** MATERIAL PROVIDED follows **

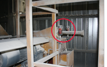
Lubrication of track roller
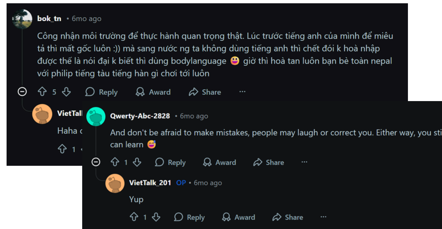
Figure: Vietnamese people discuss their English speaking experience
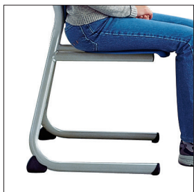
Cantilever base provides generous leg room.
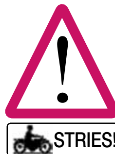
Figure 3. Work zone caution sign in Belgium with supplemental motorcycle plaque warning of grooved pavement (stries = striations).

benefit to motorcyclists because of their relative vulnerability to injury compared to automobile passengers. For instance, the Norwegian maintenance handbook has sections on clearing roadside obstructions that pose crash hazards and limit sight distance. This practice helps all road users, but can particularly benefit motorcyclists. Two unique maintenance practices organized by stakeholder groups were presented that could be adopted in the United States. One was a “road quality ride” organized by a rider group in Belgium, during which local motorcycle clubs ride together on a specific road to inspect and report on pavement quality and pick up debris and litter on the shoulder. The other was a roadway condition reporting system, either phone- or Web-based, aimed specifically at motorcyclists. Implementation of these systems varied from country to country. In Norway, for example, the Motorcyclists Union maintained a reporting
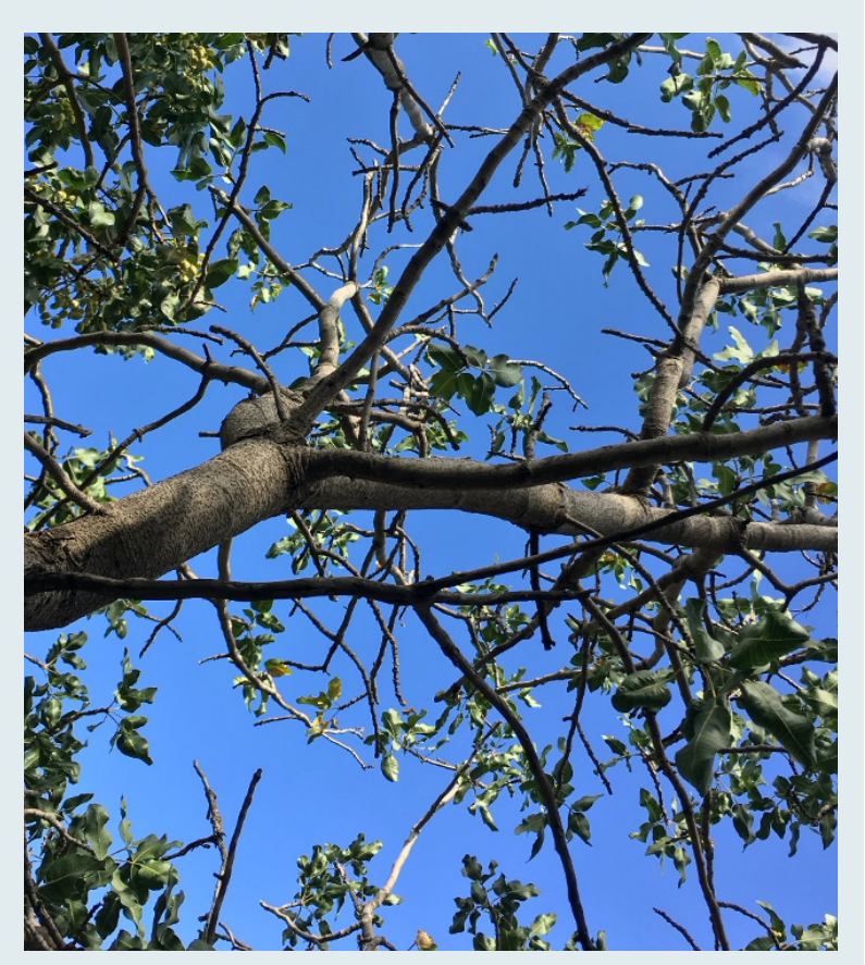
See-through canopy associated with thin leaf decline
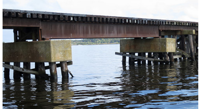
Opening in the New Bern Neuse River train bridge.
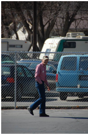
Forrest sneaks off!
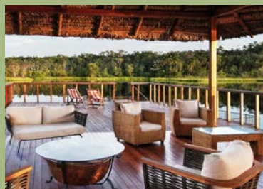
Ecuador's premier jungle lodge
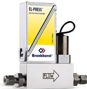
EL-PRESS P-702CV (P1-CONTROL)

Débit min. 0,4...20 l n /min Débit max. 10...500 l n /min Pression jusqu'à 20 bar Boîtier robuste (IP65) Option afficheur TFT intégré
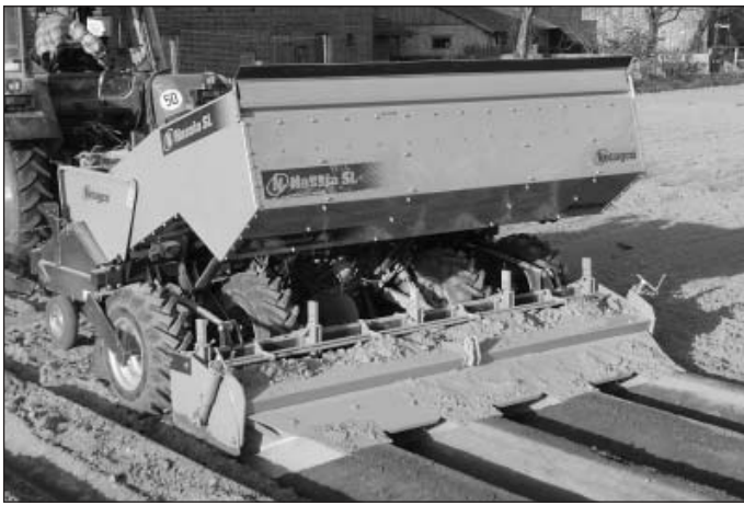
Fig. 2: The combination of potato planters and ridging implements saves working time

area capacity resulting from the use of drawn four-row units with larger hopper capacities or transition to six- and eight-row planting machines. However, the comprehensive utilization of the capacity potential of both solutions requires an adapted logistics concept and in particular quick filling of the planters at the field's edge. On sloped fields, the lower directional stability of drawn planters must be taken into consideration, which makes the development or adaptation of suitable guiding systems seem useful. In addition, only some of the drawn planting machines for road transport feature their own drill transport system or a solution which allows the outer planting units to be folded in.
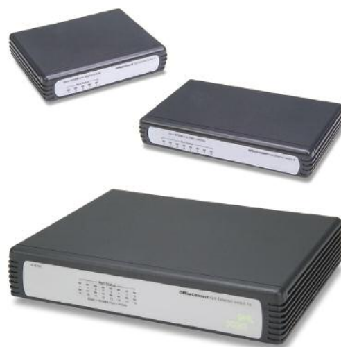
top to bottom: OfficeConnect Fast Ethernet Switch 5, Switch 8 and Switch 16

10/100 Mbps switches for small and medium businesses needing basic connectivity
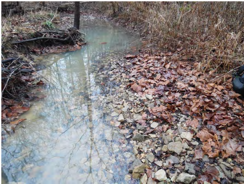
Photo Location 19. View of Stream 16. Photograph taken facing downstream/north.
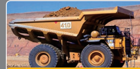
CAT 789 - Barrick Gold Cowal (Australia)
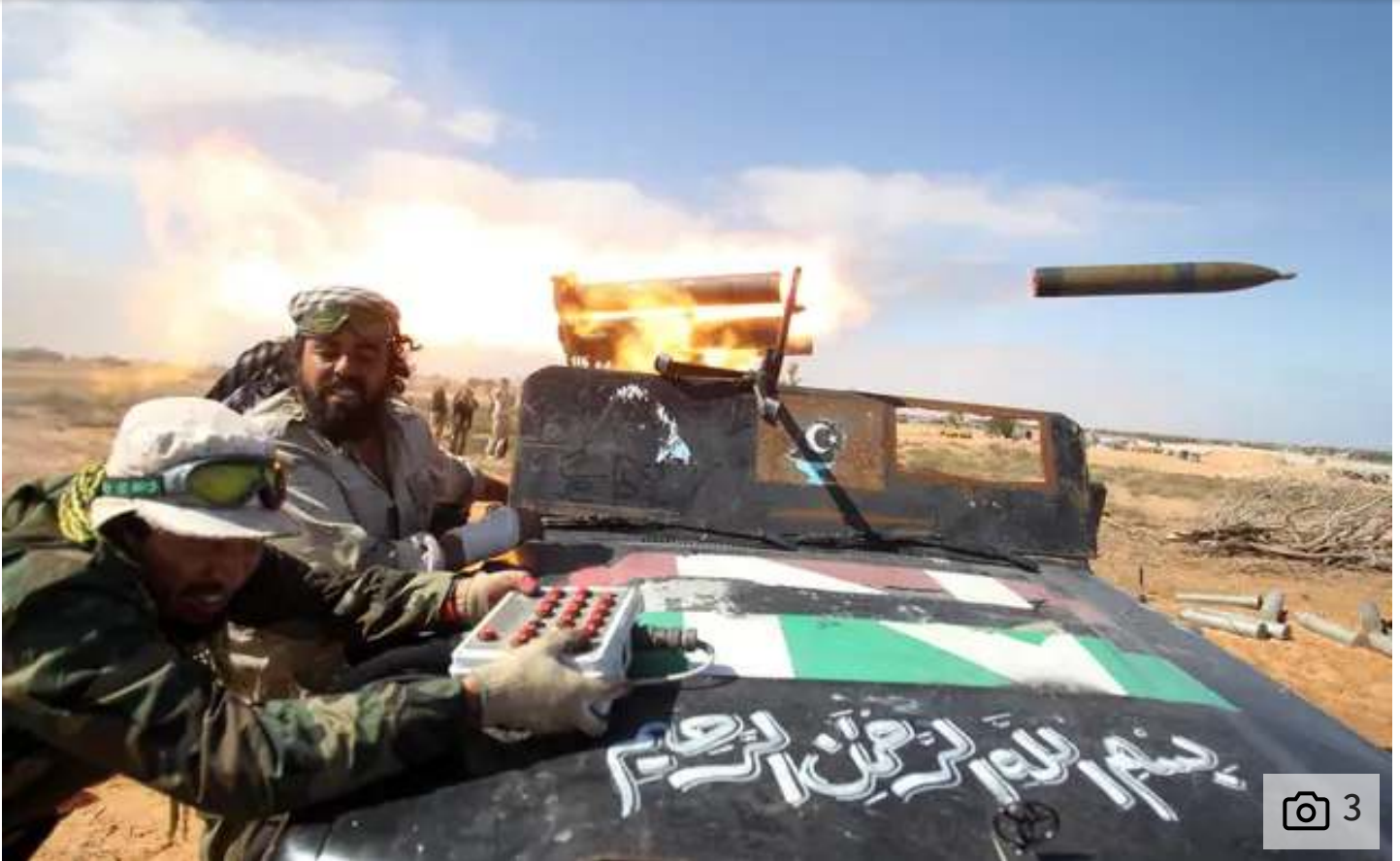
Libyan rebels fire a rocket as they enter the northern city of Sirte, 10 October 2011

Norway became an active member of the Nato bombing campaign, eventually dropping nearly 600 bombs. But at the same time the country's prime minister Jens Stoltenberg, who is now Nato's secretary-general, asked foreign minister Store to continue the top secret talks, hosting them in Norway.
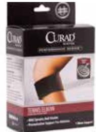
Elbow Support, Tennis
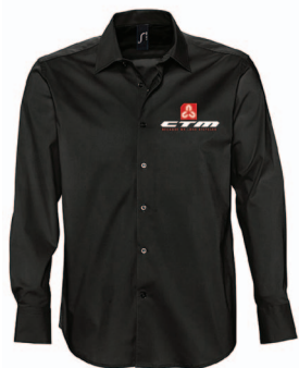
MAN SHIRT - LONG SLEEVES
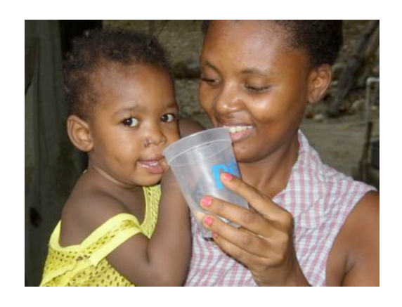
Drinking water treated with PUR (P&G, G. Allgood)
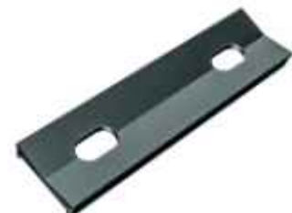
KEEP COVER FOR V-TRACK
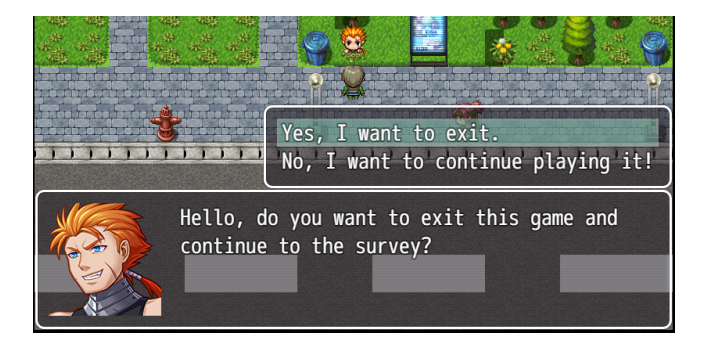
Figure 7: A Reporter Allows the Player to End the Game

So far we have run two pre-tests. The first one with 12 researchers from Goethe University and the second one with 6 persons with a mixed background. In general the feedback was positive and most players liked the game and those who were not already aware beforehand, confirmed that they learned about privacy policies. As a result of the feedback, we have also improved the instructions, i. e. with some explanations for non-experienced players, we have fixed some
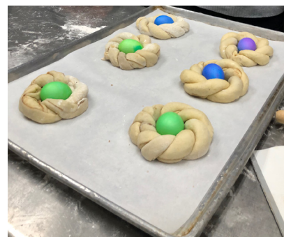
Easter Pie Class
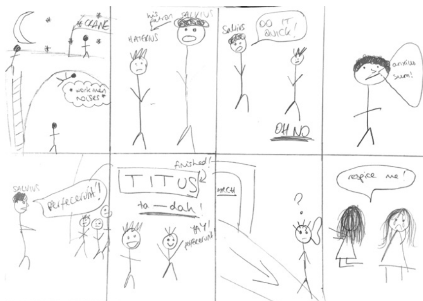
Figure 5. | Sample of student's storyboard of the narrative.

Some students referred to a Grammar A&E lesson which we had done prior to this particular sequence of lessons. Here they did a carousel activity on three different grammar points which I had chosen based on those which they revealed they felt least confident of in their self-assessment questionnaire. They were then allocated a grammar point in pairs on which to write a poster which I then combined into a booklet for them to revise from. A number of students requested that we do more of this kind of lesson as a means of them recapping and solidifying things they may not have internalised the first or second time round. Their desire to use class time to internalise basic language tables is something which will have to be balanced carefully in future.
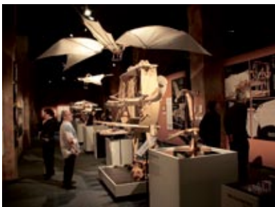
"Da Vinci's Workshop" at Discovery Exposition Center of Times Square at New York

New York, USA: " Da Vinci's Workshop " exhibition opens at Discovery Exposition Center of Times Square (November 21, 2009 - March 14, 2010). The exhibition receives a great review in New York Times and has over 80,000 visitors.
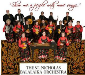
THE ST. NICHOLAS BALALAIKA ORCHESTRA A FOLK ORCHESTRA FROM MOGADORE, OHIO

Whether you're a professional, amateur, or simply love music, come meet us at a rehearsal!
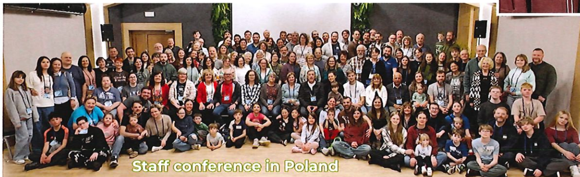
Staff conference in Poland
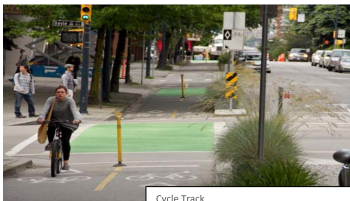
Cycle Track (Example from Vancouver)
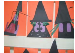
The second graders have decorated the hallways with their Halloween witches!

Finally, the 8 th grade has been writing fantasy stories in English. They just finished reading the Hobbit and did pretty well on the test. The 8 th grade made their Confirmation on November 3 rd , and we are all praying for them. For more information on their Confirmation, see "Confirmation News."
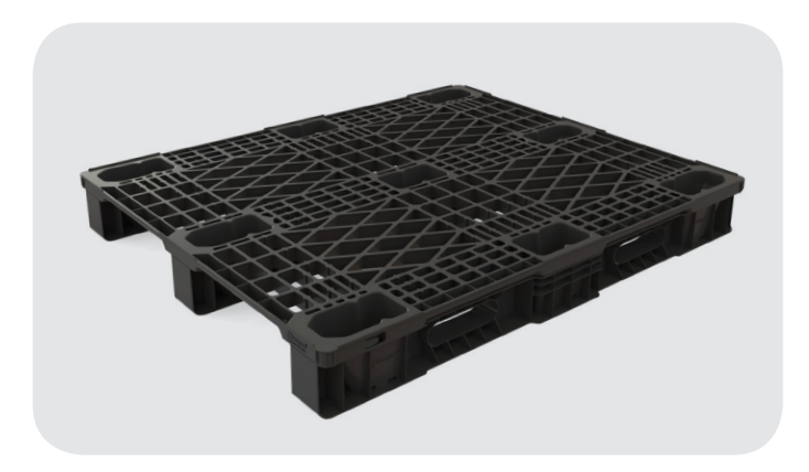
Open deck (optional)
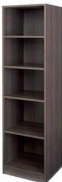
Open Shelf Unit

H: 2000mm (walk-in) 1750mm (built-in) W: 800 x 800mm D: 450mm
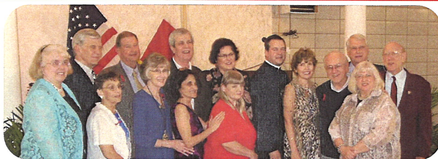
Alumni Committee Members receive Four Eagle Award at May 10, 2013 Ceremony.

Inscribed on the medal presented to the Alumni Committee
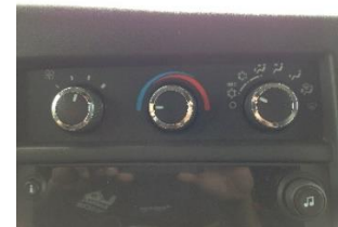
FRONT A/C CONTROLS

** End of MATERIAL PROVIDED **

- EXERCISE: Can the entries above be repeated exactly, without their pictures?

- ANSWER SECTION:
Lubrication of track roller
Figure: Vietnamese people discuss their English speaking experience
Cantilever base provides generous leg room.
Figure 3. Work zone caution sign in Belgium with supplemental motorcycle plaque warning of grooved pavement (stries = striations).

benefit to motorcyclists because of their relative vulnerability to injury compared to automobile passengers. For instance, the Norwegian maintenance handbook has sections on clearing roadside obstructions that pose crash hazards and limit sight distance. This practice helps all road users, but can particularly benefit motorcyclists. Two unique maintenance practices organized by stakeholder groups were presented that could be adopted in the United States. One was a “road quality ride” organized by a rider group in Belgium, during which local motorcycle clubs ride together on a specific road to inspect and report on pavement quality and pick up debris and litter on the shoulder. The other was a roadway condition reporting system, either phone- or Web-based, aimed specifically at motorcyclists. Implementation of these systems varied from country to country. In Norway, for example, the Motorcyclists Union maintained a reporting
See-through canopy associated with thin leaf decline
Opening in the New Bern Neuse River train bridge.
Forrest sneaks off!
Ecuador's premier jungle lodge
EL-PRESS P-702CV (P1-CONTROL)

Débit min. 0,4...20 l n /min Débit max. 10...500 l n /min Pression jusqu'à 20 bar Boîtier robuste (IP65) Option afficheur TFT intégré
Fig. 2: The combination of potato planters and ridging implements saves working time

area capacity resulting from the use of drawn four-row units with larger hopper capacities or transition to six- and eight-row planting machines. However, the comprehensive utilization of the capacity potential of both solutions requires an adapted logistics concept and in particular quick filling of the planters at the field's edge. On sloped fields, the lower directional stability of drawn planters must be taken into consideration, which makes the development or adaptation of suitable guiding systems seem useful. In addition, only some of the drawn planting machines for road transport feature their own drill transport system or a solution which allows the outer planting units to be folded in.
top to bottom: OfficeConnect Fast Ethernet Switch 5, Switch 8 and Switch 16

10/100 Mbps switches for small and medium businesses needing basic connectivity
Photo Location 19. View of Stream 16. Photograph taken facing downstream/north.
CAT 789 - Barrick Gold Cowal (Australia)
Libyan rebels fire a rocket as they enter the northern city of Sirte, 10 October 2011

Norway became an active member of the Nato bombing campaign, eventually dropping nearly 600 bombs. But at the same time the country's prime minister Jens Stoltenberg, who is now Nato's secretary-general, asked foreign minister Store to continue the top secret talks, hosting them in Norway.
Elbow Support, Tennis
MAN SHIRT - LONG SLEEVES
Drinking water treated with PUR (P&G, G. Allgood)
KEEP COVER FOR V-TRACK
Figure 7: A Reporter Allows the Player to End the Game

So far we have run two pre-tests. The first one with 12 researchers from Goethe University and the second one with 6 persons with a mixed background. In general the feedback was positive and most players liked the game and those who were not already aware beforehand, confirmed that they learned about privacy policies. As a result of the feedback, we have also improved the instructions, i. e. with some explanations for non-experienced players, we have fixed some
Easter Pie Class
Figure 5. | Sample of student's storyboard of the narrative.

Some students referred to a Grammar A&E lesson which we had done prior to this particular sequence of lessons. Here they did a carousel activity on three different grammar points which I had chosen based on those which they revealed they felt least confident of in their self-assessment questionnaire. They were then allocated a grammar point in pairs on which to write a poster which I then combined into a booklet for them to revise from. A number of students requested that we do more of this kind of lesson as a means of them recapping and solidifying things they may not have internalised the first or second time round. Their desire to use class time to internalise basic language tables is something which will have to be balanced carefully in future.
"Da Vinci's Workshop" at Discovery Exposition Center of Times Square at New York

New York, USA: " Da Vinci's Workshop " exhibition opens at Discovery Exposition Center of Times Square (November 21, 2009 - March 14, 2010). The exhibition receives a great review in New York Times and has over 80,000 visitors.
THE ST. NICHOLAS BALALAIKA ORCHESTRA A FOLK ORCHESTRA FROM MOGADORE, OHIO

Whether you're a professional, amateur, or simply love music, come meet us at a rehearsal!
Staff conference in Poland
Cycle Track (Example from Vancouver)
The second graders have decorated the hallways with their Halloween witches!

Finally, the 8 th grade has been writing fantasy stories in English. They just finished reading the Hobbit and did pretty well on the test. The 8 th grade made their Confirmation on November 3 rd , and we are all praying for them. For more information on their Confirmation, see "Confirmation News."
Open deck (optional)
Open Shelf Unit

H: 2000mm (walk-in) 1750mm (built-in) W: 800 x 800mm D: 450mm
Alumni Committee Members receive Four Eagle Award at May 10, 2013 Ceremony.

Inscribed on the medal presented to the Alumni Committee
FRONT A/C CONTROLS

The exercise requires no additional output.